New York City is our home. It's been our home since 1977, when we moved the magazine here from San Francisco. The editors, writers, and designers – our salesmen and women, those who take care of our distribution and manufacturing, the entire staff that creates Rolling Stone – come to work every day in an office tower next to Rockefeller Center that is four and a half miles north of where the World Trade Center stood. Most of us live in the city, some within a couple of blocks of the financial district, some close enough to it to have wondered why that airliner was flying so low on the beautiful new morning of September 11th.
We have been hurt deeply, robbed of friends and family: Gina Pinos in our marketing department lost her fiance, firefighter Jimmy Pappageorge of Engine Company 23... "My friend was on the plane that crashed into the Pentagon." ... "Please mention Paul Skrzypek, my roommate of five years." ... "My high school classmate Terence McShane, who was with Ladder 101, who leaves behind his wife, Cathy, and three little boys." ... "My uncle's brother Ray Downey, chief of rescue operations, special operations command, FDNY, still missing." ... "The husband of my best friend, Marian. I was the bridesmaid at their wedding. September 11th was their anniversary." ... "My friend, Terrance Aiken, who was on the ninety-seventh floor." ... "My best friend's son." ... and so on.
On that Tuesday, the best of who we are was turned against us. Our open borders and immigration policies were exploited; our beneficent technology turned into tools of terror: the WTC towers, modern wonders of American engineering; four fully fueled Boeing jets, the most popular aircraft in the world and a testament to the superiority of American technology. The video images of the second jetliner knifing into the tower, the sharklike final turn, will be with us forever. The cold transaction of steel into steel, brought about by men armed with knives and razor blades.
There is cause for young and old to be worried about the future, about our economy, about our safety, about the men and women who are being called into service to protect us. This is a story that we will follow. September 11th is a pivot upon which we will view our future and our past.
It is too soon to have a clear perspective, but some things strike us immediately.
Discussing our enemies as men who live in caves – who should be "hunted down" and "smoked out" like animals – underestimates the true nature of those who conspired to attack the World Trade Center.
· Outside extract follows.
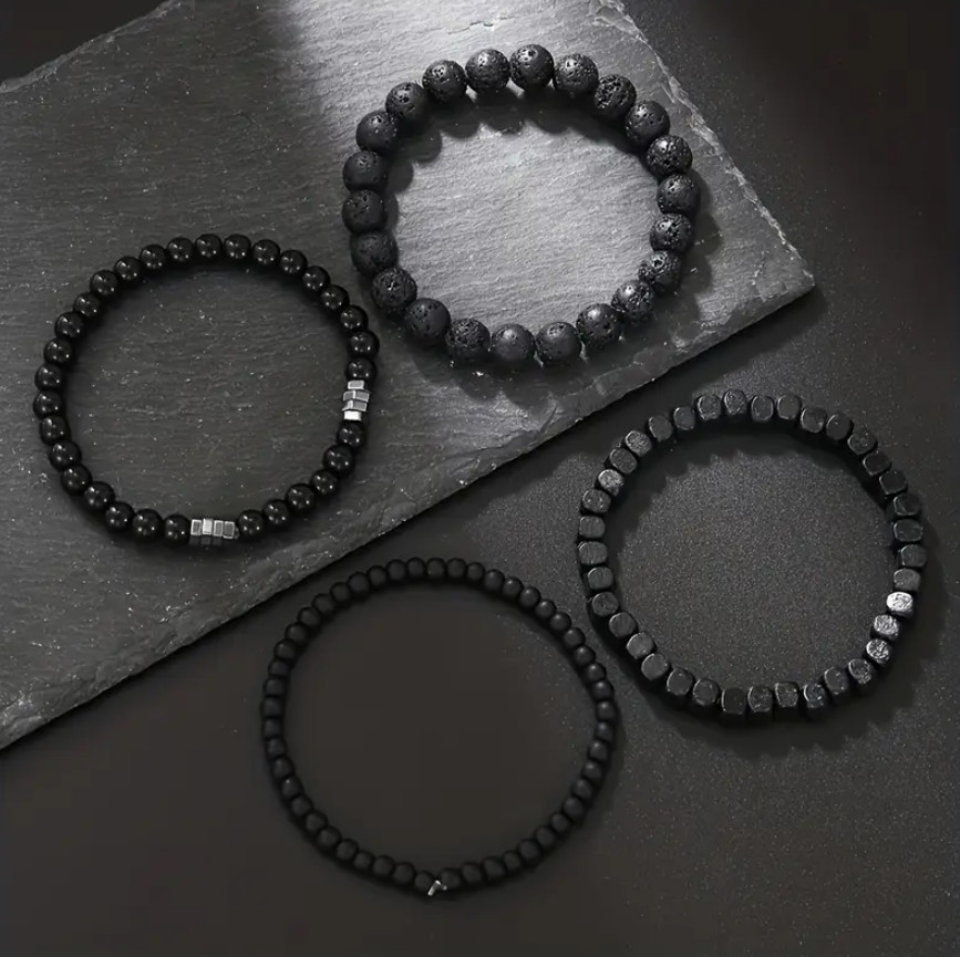 Ez a 4 részes fekete férfi karkötő szett különböző stílusú gyöngy karkötőkből áll, melyek együtt és külön-külön is hordhatók.

President Bush's offhanded imagery seems inappropriate and harmful. "Wanted, dead or alive" – a reference that he must have known would be widely reported and quoted – does not prepare us for the complexities and subtleties of what's ahead. This phrase can hardly be reassuring to allies overseas who want to see America act with calibration and certainty, not with frontier justice and swaggering crudeness.
It may make us feel better to refer to these people as "madmen" and "cowards," but as horrific as their actions are, this is what they most assuredly are not. They are not cave-dwelling animals. These are people who sacrifice their lives for what they think is righteous (which is generally how we might define courage). They are on a long-term mission and have grievances that we ignore at our own risk.
When the vice president, Dick Cheney, uses the image of Osama bin Laden's head "on a platter," we may find that emotionally gratifying for a moment, but it rightfully leaves us insecure about our leadership. A thoughtful debate should be ahead of us about our near-term security at home and abroad, and also our long-term security as a nation in the modern world.
Why does bin Laden have the sympathy of millions of Muslims throughout the world? The slaughter of a purely civilian population and destruction of vital institutions remains outside our moral pale and what civilized twenty-first-century society should accept. The methodology is deserving of the crushing blow of extinction, but the message has extraordinary resonance; and it must be listened to and understood if we are to deal with the full long-term threat that he and his allies and his followers represent.
Why are we about to go to war in the Arab world for the second time in ten years? Is it plausible that the United States – as Britain once was – is perceived as an imperial, colonial power occupying impoverished Islamic lands and appropriating their oil riches in collusion with corrupt monarchies and dictators?
Would that it was as simple as a war against terrorism, a fight of civilization against evil. We have to ask ourselves which side of history we are on and make sure we are on the right side, so that we survive with our own freedoms intact, not in the grip of a national-security state under siege from constantly renewed terrorism.
It is terrorism, but it is also an authentic political movement with widespread support and sympathy, grievances grounded in a legitimate historical record and extreme economic inequality. History tells us you can not end the rebellion without addressing its cause.
In a recent issue of The New Yorker, Susan Sontag wrote, "Let's by all means grieve together. But let's not be stupid together. A few shreds of historical awareness might help us understand what has just happened, and what may continue to happen. 'Our country is strong,' we are told again and again. I for one don't find this entirely consoling. Who doubts that America is strong? But that's not all America has to be."
President Bush's speech to Congress was stirring – what was him and what was the moment is hard to know; they were inseparable. It had a passion far different from his usual robotic, scripted appearances. He described a vision of the American Empire at its fullest and most awesome, an eagle with its wings outstretched and talons poised to strike from the heavens, and declared – "You are with us or you are with the terrorists" – a new global war.
It felt reassuring that night, but today we feel no wiser, no safer.